Controlled to / sec. Then, it was pickled and finished to 0.50 mm by cold rolling. Then in a continuous annealing furnace at 730 ℃
For 30 seconds. Furthermore, it was annealed at 750 ° C. for 2 hours corresponding to the consumer. Epstein test pieces were cut out from these samples and the magnetic properties were measured. Table 7 shows the hot-rolled sheet annealing temperature and magnetic measurement results of the present invention and comparative examples described in the examples.

[0047]

[Table 6]

[0048]

[Table 7]

As shown in Table 7, when the hot rolled sheet annealing time is 10 seconds or less, the growth of the crystal structure of the hot rolled sheet is insufficient and the improvement of the magnetic properties of the product is insufficient. If the hot-rolled sheet annealing time exceeds 5 minutes, poor pickling occurred. Although the Epstein test results do not show much deterioration in magnetic properties, poor pickling leads to roughening of the steel sheet, and the space factor of the iron core laminated when the non-oriented electrical steel sheet is actually used in a rotating machine, etc. Is deteriorated and the performance is deteriorated, which is not preferable. As described above, by setting the annealing time of the hot rolled sheet to 10 seconds or more and 5 minutes or less, it is found that a material having a high magnetic flux density and a low iron loss value can be obtained.

[0050]

As described above, according to the present invention, it is possible to manufacture a non-oriented electrical steel sheet having a high magnetic flux density and a low iron loss and excellent magnetic properties.

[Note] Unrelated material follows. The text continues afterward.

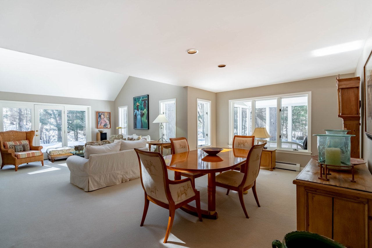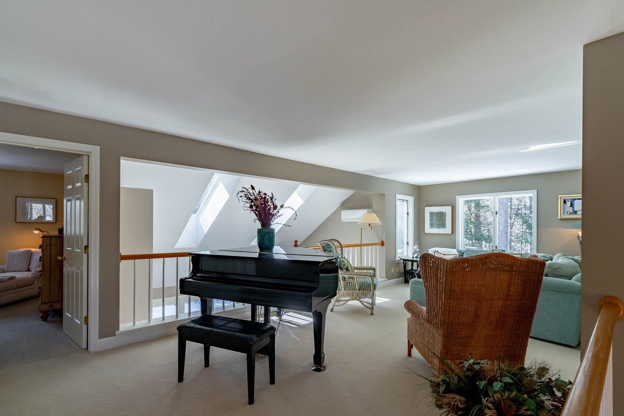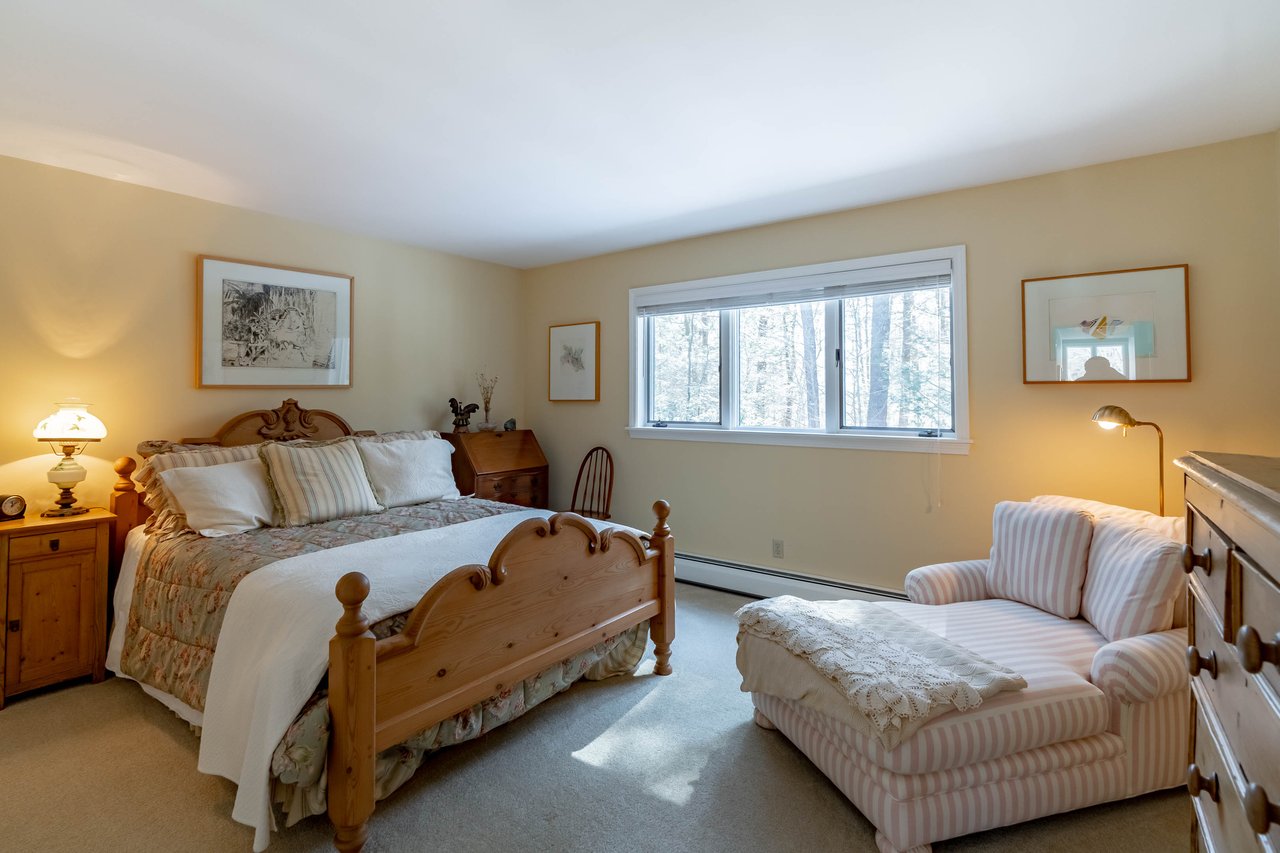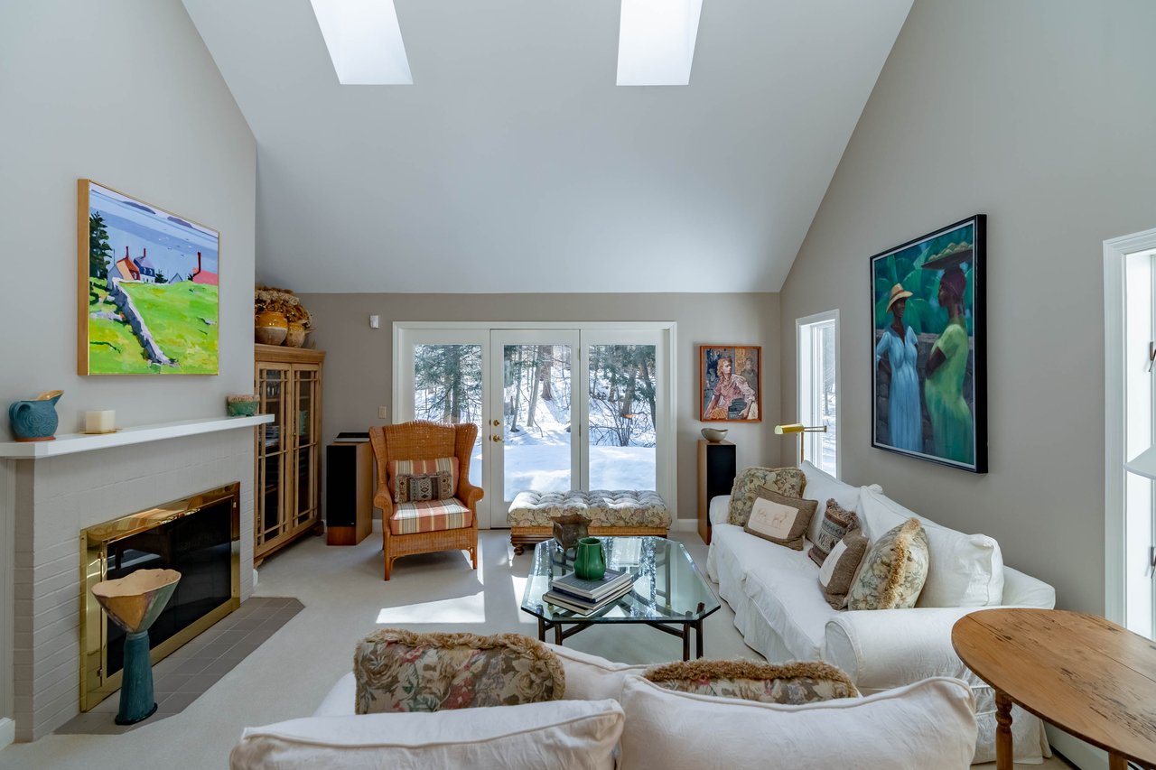 Surrounded by mature trees, this beautifully maintained condo offers 2 bedroom and 2.5 baths. The spacious first floor layout features a lovely master suite with walk-in closet and a fully renovated bath with double vanities and walk-in tile shower. The living room boasts cathedral ceilings, a soaring fireplace and access to the back yard while the cozy first floor den opens to the eat-in kitchen with access to the private screened in patio. The second level offers an open family room, office, an additional bedroom and full bath. The unfinished space above the garage allows for expansion possibilities or easy storage. The association amenities include a pool and tennis courts. Enjoy living just minutes from local beaches, restaurants, Portland and more!

[Brief description of the drawings]

FIG. 1 is a diagram showing a relationship between a hot rolled sheet annealing temperature and a hot rolled sheet crystal grain size.

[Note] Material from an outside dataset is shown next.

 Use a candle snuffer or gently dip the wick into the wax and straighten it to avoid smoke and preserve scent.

FIG. 2 is a diagram showing the relationship between hot-rolled sheet annealing temperature and product iron loss.

FIG. 3 is a diagram showing a relationship between a hot rolled sheet annealing temperature and a product magnetic flux density.

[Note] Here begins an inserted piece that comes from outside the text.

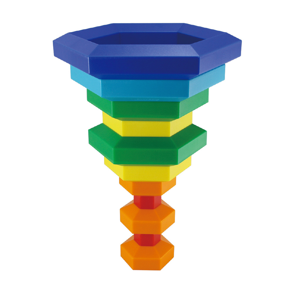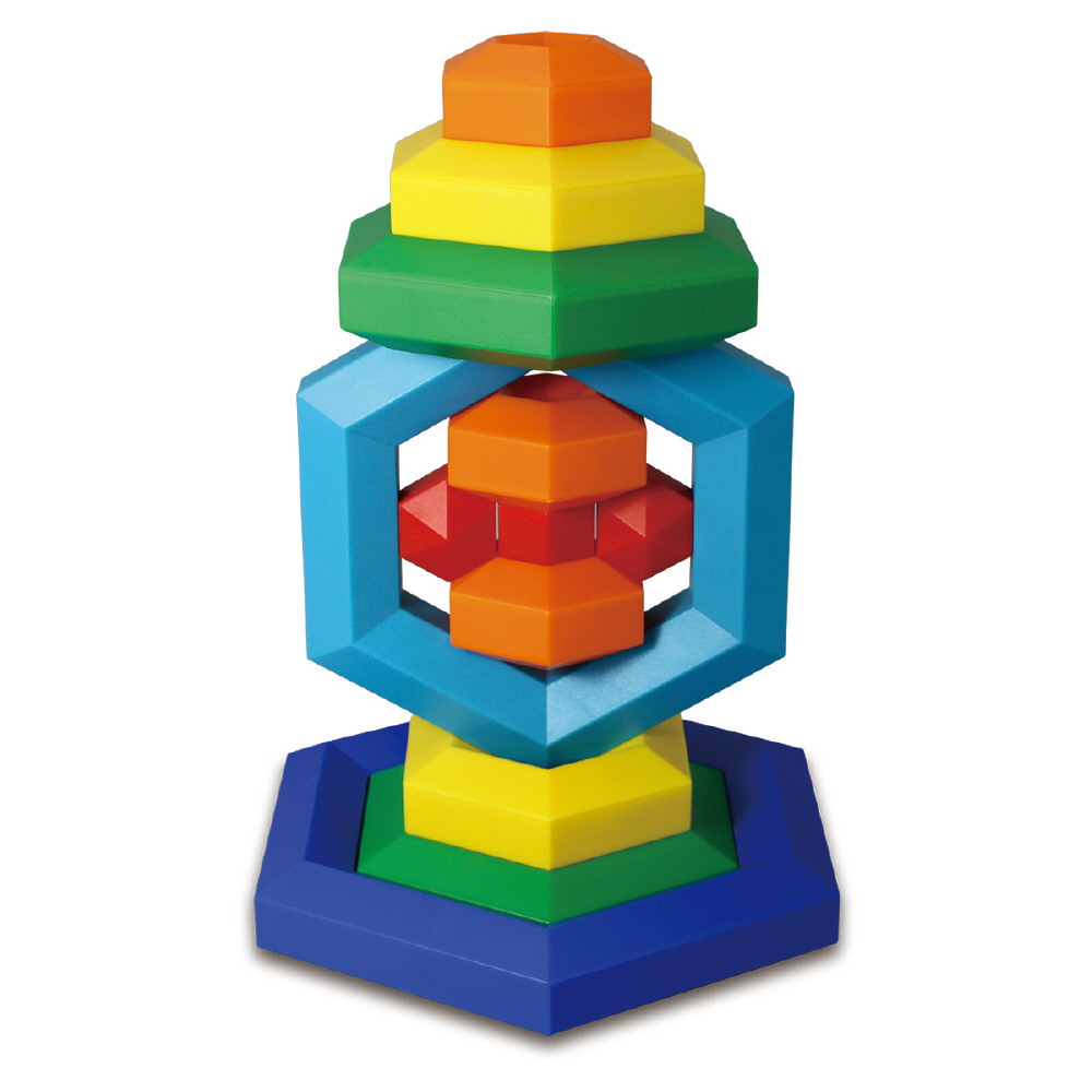 ヘキサカスは、手を動かし色々な色を目で見てスタッキングやネスティングをする事で、色彩感覚、バランス感覚、空間認知能力を高めることができます。

FIG. 4 is a diagram showing the relationship between the cooling rate after hot-rolled sheet annealing and the crystal grain size of the hot-rolled sheet.

FIG. 5 is a diagram showing a relationship between a cooling rate after hot-rolled sheet annealing and product iron loss.

FIG. 6 is a diagram showing a relationship between a cooling rate after hot-rolled sheet annealing and a product magnetic flux density.

FIG. 7 is a diagram showing the relationship between hot-rolled sheet annealing time and product iron loss.

FIG. 8 is a diagram showing a relationship between hot-rolled sheet annealing time and product magnetic flux density.

Claims (2)

[Claims] 1. By weight% in steel, 0.10% ≦ Si ≦ 2.50%, C ≦ 0.0025%, N ≦ 0.0020%, S ≦ 0.0020%, Ti ≦ 0.0030 %, Nb ≤ 0.0030%, V ≤ 0.0050%, As ≤ 0.0030%, and the remaining part is Fe and unavoidable impurities. In a method for producing a non-oriented electrical steel sheet, which is a hot-rolled sheet, subjected to hot-rolled sheet annealing and one cold rolling step, and then subjected to finish annealing, hot-rolled sheet annealing is performed for 10 seconds in a temperature range of Ac ₃ points or more. A method for manufacturing a non-oriented electrical steel sheet, which is performed for up to 5 minutes. 2. In the steel, 0.10% ≦ Al ≦ 0.10% ≦ Si ≦ 2.50%, and at least one of Mn and Al, and 0.10% ≦ Al.
≦ 1.00%, 0.10% ≦ Mn ≦ 2.00%, and the total amount of Si and Al is Si + 2Al ≦ 2.50%
C ≦ 0.0025%, N ≦ 0.0020%, S ≦ 0.0020%, Ti ≦ 0.0030%, Nb ≦ 0.0030%, V ≦ 0.0050%, As ≦ 0.0030 %, With the balance being Fe and an unavoidable impurity and having a component having an αγ transformation, hot-rolled into a hot-rolled sheet, subjected to hot-rolled sheet annealing and one cold rolling step, and then A method for producing a non-oriented electrical steel sheet, comprising performing hot-rolled sheet annealing in a temperature range of Ac ₃ or higher for 10 seconds to 5 minutes in the method for producing a non-oriented electrical steel sheet subjected to finish annealing.